Modeling & analysis of connecting rod of four stroke single cylinder engine for optimization of cost & material.docx (Size: 22.72 KB / Downloads: 62)
Introduction
The main aim of the project is to determine the Von Misses stresses, Shear stresses, Maximum Principle stress, Equivalent Alternating stress, Total Deformation, Fatigue Analysis and Optimization in the existing Connecting rod. If the existing design shows the failure, then suggest the minimum design changes in the existing Connecting rod. A lot has been done and still a lot has to be done in this field. In this Project, only the static FEA of the connecting rod has been performed by the use of the software. This work can be extended to study the effect of loads on the connecting rod under dynamic conditions. Experimental stress analysis (ESA) can also be used to calculate the stresses which will provide more reasons to compare the different values obtained. Now a day a lot is being said about vibration study of mechanical component important role in its failure. So the study can be extended to the vibration analysis of the connecting rod. The study identified fatigue strength as the most significant design factor in the optimization process. Then the combination of finite element technique with the aspects of weight reduction is to be made to obtain the required design of connecting rod.
Results & Discussion
Outputs include fatigue life, damage, factor of safety, stress biaxiality, fatigue sensitivity as shown in Figures.

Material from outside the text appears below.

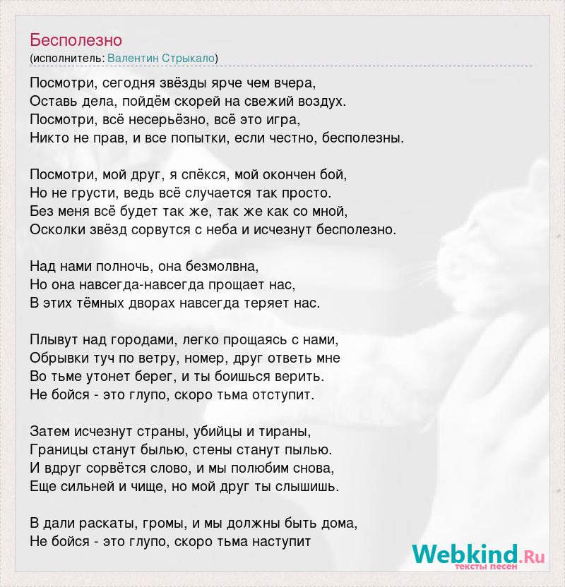 Посмотри, сегодня звёзды ярче чем вчера, Оставь дела, пойдём скорей на свежий воздух. Посмотри, всё несерьёзно, всё это игра, Никто не прав, и все попытки, если честно, бесполезны. Посмотри, мой друг, я спёкся, мой окончен бой, Но не грусти, ведь всё случается так просто. Без меня всё будет так же, так же как со мной, Осколки звёзд сорвутся с неба и исчезнут бесполезно. Над нами полночь, она безмолвна, Но она навсегда-навсегда прощает нас, В этих тёмных дворах навсегда теряет нас. Плывут над городами, легко прощаясь с нами, Обрывки туч по ветру, номер, друг ответь мне Во тьме утонет берег, и ты боишься верить. Не бойся - это глупо, скоро тьма отступит. Затем исчезнут страны, убийцы и тираны, Границы станут былью, стены станут пылью. И вдруг сорвётся слово, и мы полюбим снова, Еще сильней и чище, но мой друг ты слышишь. В дали раскаты, громы, и мы должны быть дома, Не бойся - это глупо, скоро тьма наступит

(1) A contour plot of available life over the model. This result can be over the whole model or scoped to a given part or surface. This result contour plot shows the available life for the given fatigue analysis. If loading is of constant amplitude, this represents the number of cycles until the part will fail due to fatigue. If loading is non-constant, this represents the number of loading blocks until failure. Thus if the given load history represents one month of loading and the life was found to be 120, the expected model life would be 120 months.

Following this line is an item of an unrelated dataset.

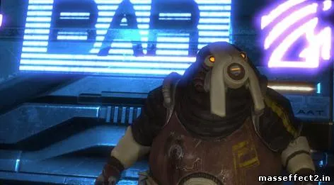 Вдруг бокалы на стойке задрожали, а жидкости в них подернулись рябью. В бар тяжелой походкой вошел невероятных размеров кроган. Он неспешно оглядел заведение и медленно направился к стойке, сотрясая помещение тяжелой поступью.

(2) A contour plot of the fatigue damage at a given design life. Fatigue damage is defined as the design life divided by the available life. This result may be scoped. The default design life may be set through the Control Panel (Table 2.1)
(3) A contour plot of the factor of safety with respect to a fatigue failure at a given design life. The maximum FS reported is 15. Like damage and life, this result may be scoped. This calculation is iterative for nonconstant amplitude loading and may substantially increase solve time (Table 2.1).

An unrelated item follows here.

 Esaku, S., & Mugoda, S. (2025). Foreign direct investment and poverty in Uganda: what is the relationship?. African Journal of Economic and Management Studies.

(4) A stress biaxiality contour plot over the model. As mentioned previously, material properties are uniaxial but stress results are usually multiaxial. This result gives the user some idea of the stress state over the model and how to interpret the results. Biaxiality indication is defined as the principal stress smaller in magnitude divided by the larger principal stress with the principal stress nearest zero ignored. A biaxiality of zero corresponds to uniaxial stress, a value of -1 corresponds to pure shear, and a value of 0.97 corresponds to a pure biaxial state (Table 1). From the sample biaxiality plot shown below, most of the model is under a pure shear or uniaxial stress. This is expected since a simple torque has been applied at the top of the model. When using the biaxiality plot along with the safety factor plot above, it can be seen that the most damaged point occurs at a point of nearly pure shear. Thus it would be desirable to use S-N data collected through torsional loading if available. Of course collecting experimental data under different loading conditions is cost prohibitive and not often done.
(5) A fatigue sensitivity plot. This plot shows how the fatigue results change as a function of the loading at the critical location on the model. This result may be scoped to parts or surfaces. Sensitivity may be found for life, damage, or factory of safety. The user may set the number of fill points as well as the load variation limits.